#### Dataset content:
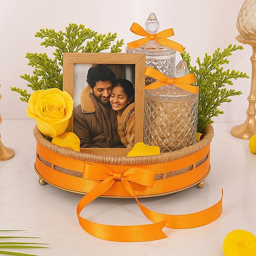 Celebrate love, togetherness, and beautiful memories with this elegant Personalised Frame and Roses Bundle.Thoughtfully curated with a customised photo frame, fresh roses, and delicious treats, this arrangement perfectly combines warmth, affection, and sophistication. Whether it’s for Bhai Dooj or any special occasion, this bundle makes every moment truly unforgettable.
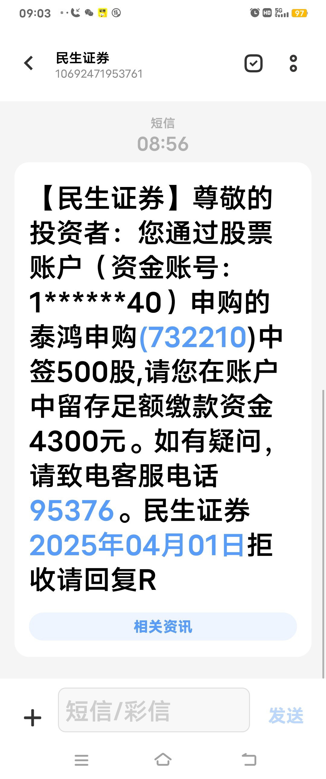 $泰鸿申购(SH732210)$ 2025年第一签
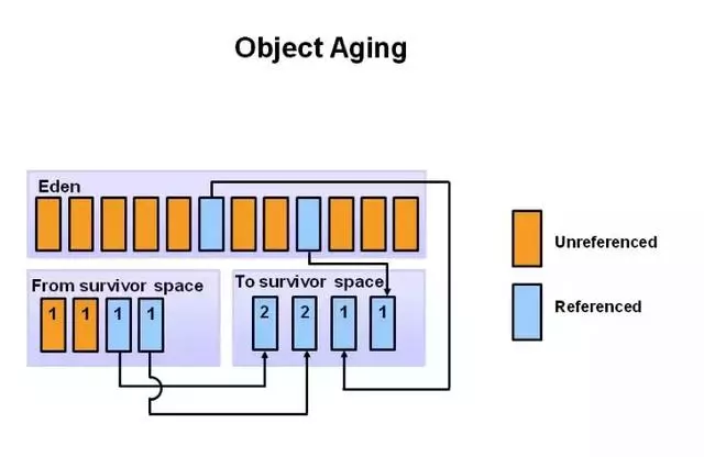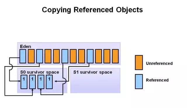 当 eden区满了,触发 minor garbage collections,这时还有被引用的对象,就会被分配到 S0区域,剩下没有被引用的对象就都会被清理。
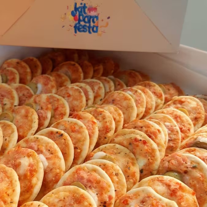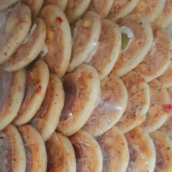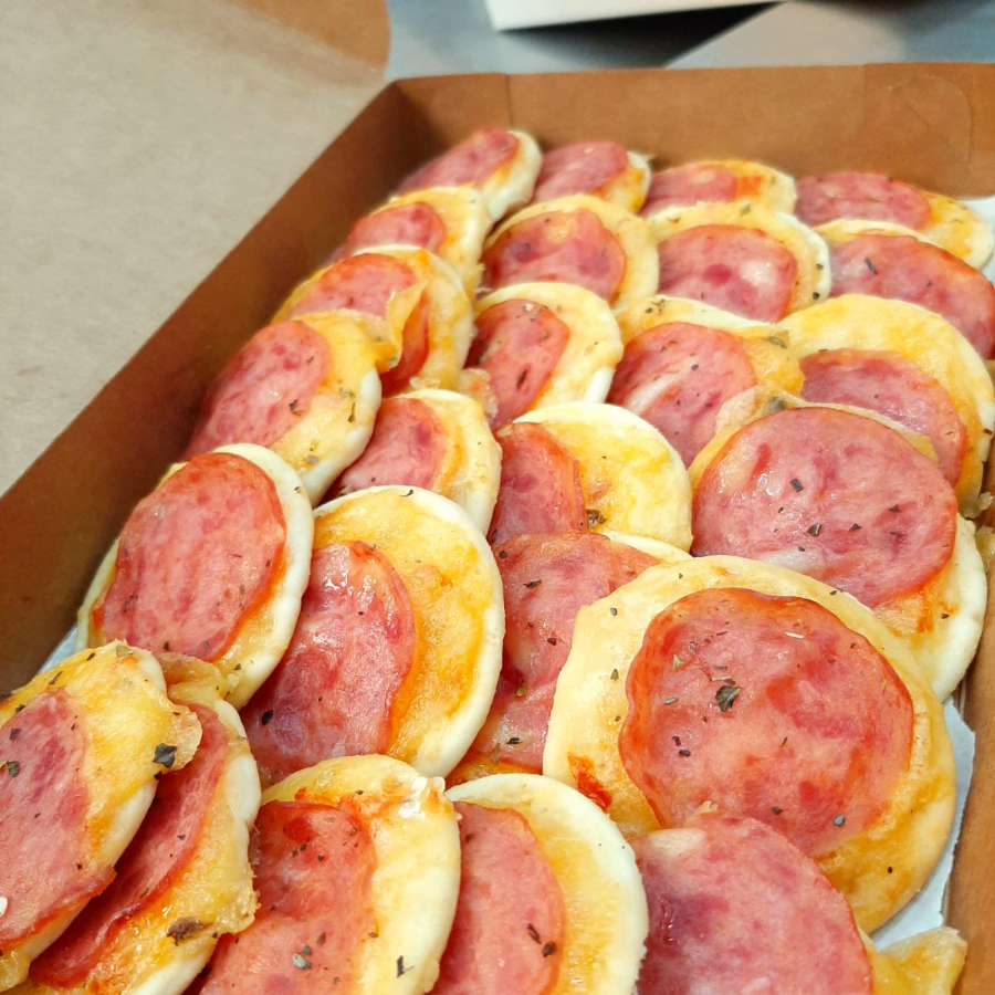 25 unidades (aprox. 20g cada), recheados com presunto, mussarela, tomate, cebola e orégano...

#### Work item:
The answer is the full listing above, repeated exactly, with its pictures removed.

#### Solution for this problem:
 Celebrate love, togetherness, and beautiful memories with this elegant Personalised Frame and Roses Bundle.Thoughtfully curated with a customised photo frame, fresh roses, and delicious treats, this arrangement perfectly combines warmth, affection, and sophistication. Whether it’s for Bhai Dooj or any special occasion, this bundle makes every moment truly unforgettable.
 $泰鸿申购(SH732210)$ 2025年第一签
 当 eden区满了,触发 minor garbage collections,这时还有被引用的对象,就会被分配到 S0区域,剩下没有被引用的对象就都会被清理。
 25 unidades (aprox. 20g cada), recheados com presunto, mussarela, tomate, cebola e orégano...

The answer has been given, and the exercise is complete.